Without a DBMS: store data in files. Problems: data redundancy (same data in multiple files), inconsistency (updates in one file not reflected in others), difficulty querying, no concurrency control (two programs writing simultaneously can corrupt data), no crash recovery.
With a DBMS: data abstraction, declarative queries, consistency enforcement, concurrent access, crash recovery, access control.
Core Concepts
Data model: a conceptual framework for representing data and relationships. Relational, document, key-value, graph, column-family, time-series.
Schema: the structure of the database: tables, columns, data types, constraints.
Instance: the actual data stored at a given point in time.
Query language: a way to retrieve and manipulate data. SQL (relational), MongoDB Query Language, Cypher (graph), DynamoDB API.
Transaction: a unit of work that must execute atomically (all or nothing).
DBMS Architecture
Application
-> Query Interface (SQL)
-> Query Processor
-> Parser
-> Optimizer
-> Execution Engine
-> Storage Engine
-> Buffer Pool (page cache)
-> Storage Manager (files, pages)
-> Transaction Manager
-> Lock Manager
-> Log Manager
Query processing pipeline:
- Parse: validate SQL syntax; build a parse tree.
- Rewrite: apply logical transformations (view substitution, predicate pushdown).
- Optimize: enumerate physical plans; estimate costs; choose the best plan.
- Execute: run the plan and return results.
Data Abstraction Levels
Physical level: how data is stored on disk (pages, files, indexes).

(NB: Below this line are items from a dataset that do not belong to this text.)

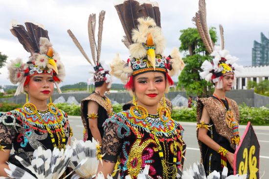 Tarian Datun Esperos yang diseragamkan dengan pakaian adat Dayak, Kalimantan Timur menjadi awal mula keelokan budaya Nusantara yang dipersembahkan. Tak ketinggalan, narasi keberagaman dan kekayaan Indonesia pun mengiringi setiap lenggok budaya oleh para peserta.
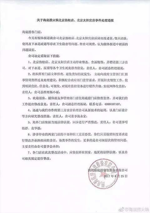 随后2个小时,海底捞又发布了一份涉事门店的处理通报,涉及更具体的7条措施,包括暂时关停两家涉事门店、研究整改措施,安抚员工并承认更多是公司深层次管理问题,并声明主要责任由公司董事会承担。
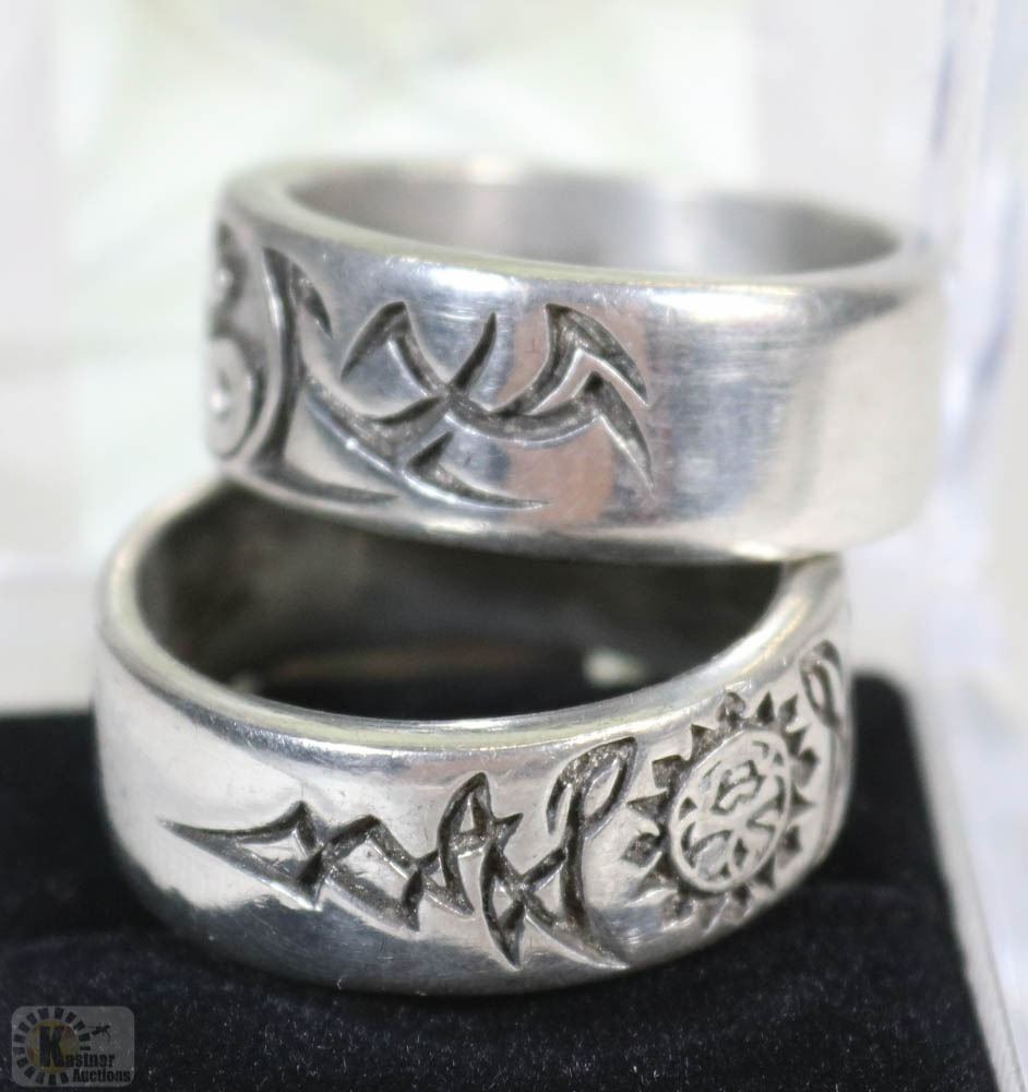 LOT OF HEAVY 2 MENS BAND RINGS
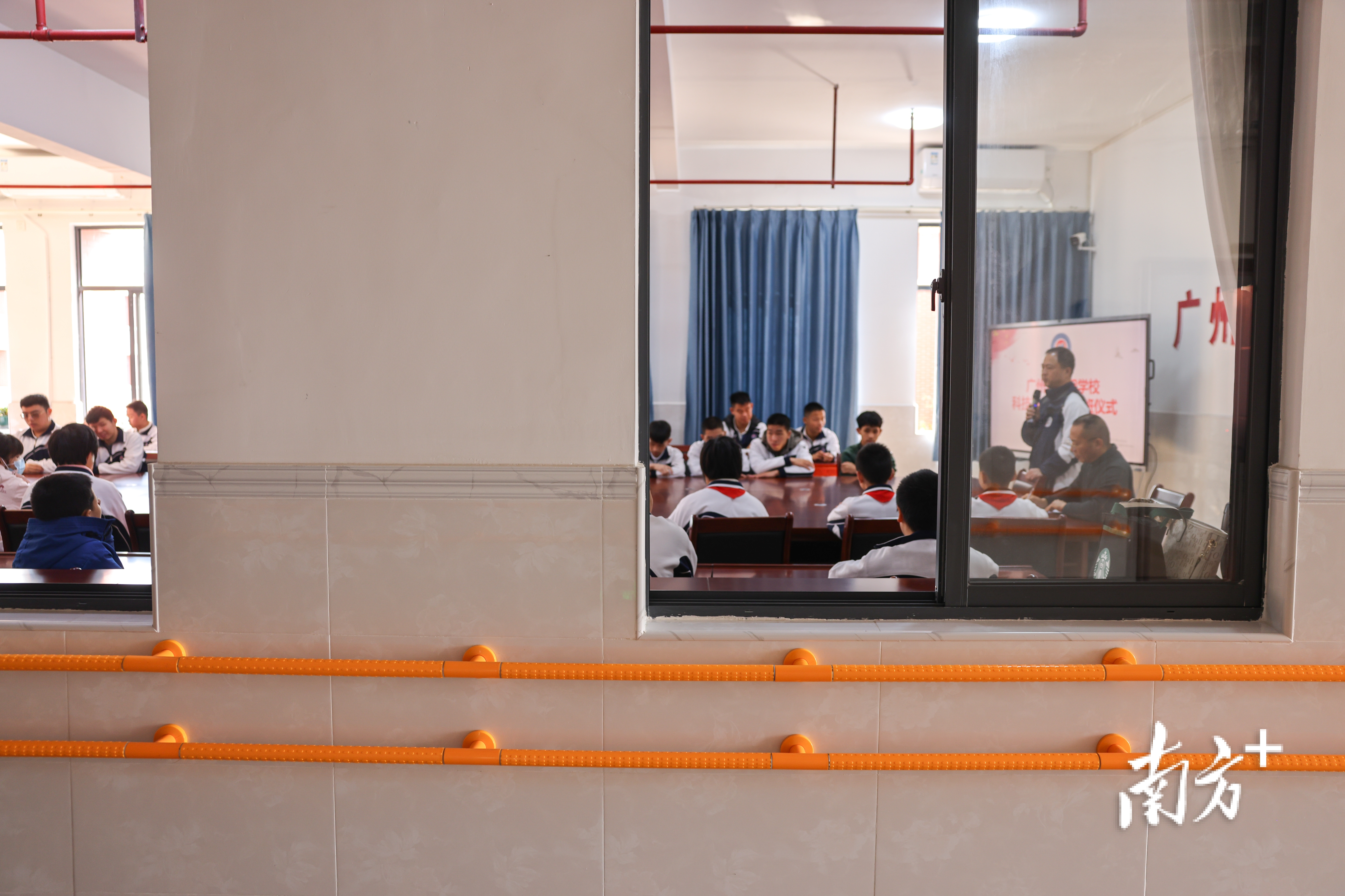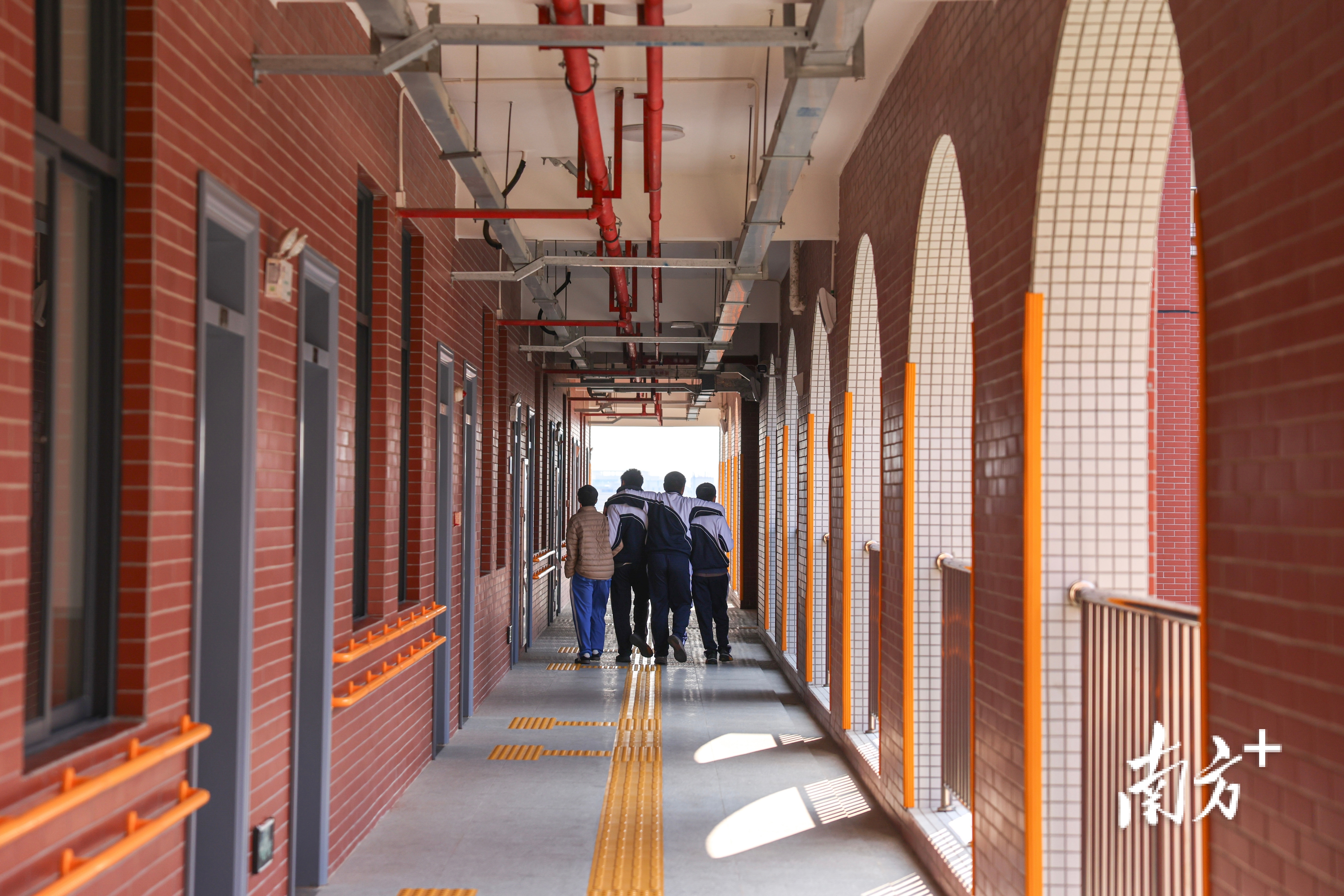 2025年4月1日,广州市启明学校,课间学生们在楼道休息。
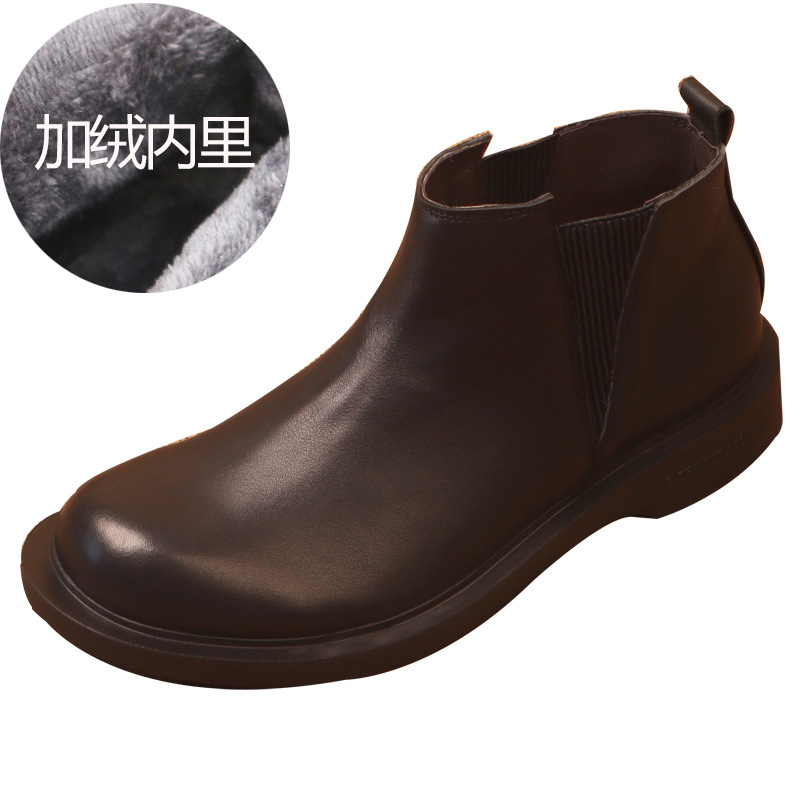 Винтажная деловая повседневная обувь из натуральной кожи с высоким носком и большим носком, верхний слой из воловьей кожи, толстая подошва с круглым носком, мягкая кожаная мужская обувь больших размеров на флисовой подкладке

Logical level: what data is stored (tables, columns, types, constraints).
View level: a customized view of data for a specific user or application.
This separation enables changes at one level without affecting others.
ACID Properties
Atomicity: a transaction either commits (all changes applied) or aborts (all changes rolled back). No partial updates.
Consistency: a transaction takes the database from one consistent state to another. All constraints hold before and after.
Isolation: concurrent transactions execute as if they were serial. One transaction’s intermediate state is not visible to others.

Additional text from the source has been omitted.